The antimicrobial activity of the tested EOs in this study was comparable to the activity of the antibacterial antibiotic ciprofloxacin and antimycotic fluconazole with the exception of the EO activity against Pseudomonas spp. The different antimicrobial resistance of both types of bacteria was probably due to the different structure and chemical composition of the cell wall of Gram-positive and Gram-negative bacteria. Indeed, the so-called “external membrane”, which is typical for Gram-negative bacteria, could prevent or delay the diffusion of the EO extract from the nutritive medium through the cell wall and membrane into the cytoplasm.

The EOs also demonstrated antimicrobial activity against three species of medically important yeasts belonging to the Candida genus. Overall, NAC species C. glabrata and C. tropicalis were more resistant in comparison with C. albicans.
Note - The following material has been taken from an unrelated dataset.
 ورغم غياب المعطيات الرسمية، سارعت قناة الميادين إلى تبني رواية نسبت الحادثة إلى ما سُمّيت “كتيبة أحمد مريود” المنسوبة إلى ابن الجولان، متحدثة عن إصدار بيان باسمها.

The results from this study confirmed published data on the antimicrobial activities of laurel EOs (El et al., 2014; Goudjil et al., 2015). However, in some of the previous reports, the laurel leaf EO was isolated following different methods, and the plant material originated from other locations with different environmental conditions.
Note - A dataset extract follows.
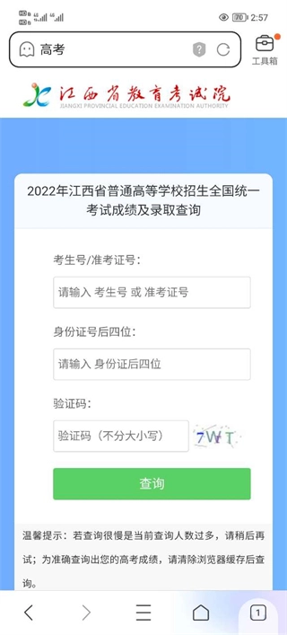 1. 打开软件,在其中输入“高考查询”,接着点击“在线查分”选项,从中任选其一进行查询。

The results from this research were utilized by members of the author's team for the development of documentation needed for steam distillation processing equipment and facility of laurel leaves from wild trees around the Bulgarian monastery in Mount Athos, Greece. Consequently, in 2019, laurel leaves EO was isolated at this processing facility. The resulting EO is currently being evaluated for its utilization in various food, cosmetic and other consumer products, subject to further research by the research team. In addition, members of the research team are developing documentation for the industrial processing of the wild grown laurel around the village of Meria, Georgia.

4. Conclusions

This study found significant dissimilarities in the chemical profile of laurel leaf EOs from Greece and Georgia. Derivates of hydroxycinnamic and hydroxybenzoic acids, flavonols and flavons dominated in the laurel leaves from Greece, whereas the dominant compounds in the Georgian leaves were the group of conjugated cinnamic acids. The main group of constituents in the EOs from Greek and Georgian laurel leaves was composed of the oxygen monoterpenes 1,8-cineole, α-terpinyl acetate, α-terpineol, and terpinen-4-ol. The EOs demonstrated antimicrobial activity against pathogenic and spoilage microorganisms. Laurel plants from Greece and Georgia show promise as a new source of laurel leaves for the international spice market.

Declarations

Author contribution statement

Galina Stefanova, Tanya Girova, Velizar Gochev, Magdalena Stoyanova, Zhana Petkova, Valtcho D. Zheljazkov: Performed the experiments; Analyzed and interpreted the data; Wrote the paper.

Albena Stoyanova: Conceived and designed the experiments; Performed the experiments; Analyzed and interpreted the data; Wrote the paper.

Funding statement

This research did not receive any specific grants from funding agencies in the public, commercial, or not-for-profit organization. APC was paid by startup funds of Oregon State University awarded to Dr. Valtcho D. Jeliazkov (Zheljazkov).

Data Availability Statement

Data included in article.

Declaration of interests statement

The authors declare no conflict of interest.

Additional information

No additional information is available for this paper.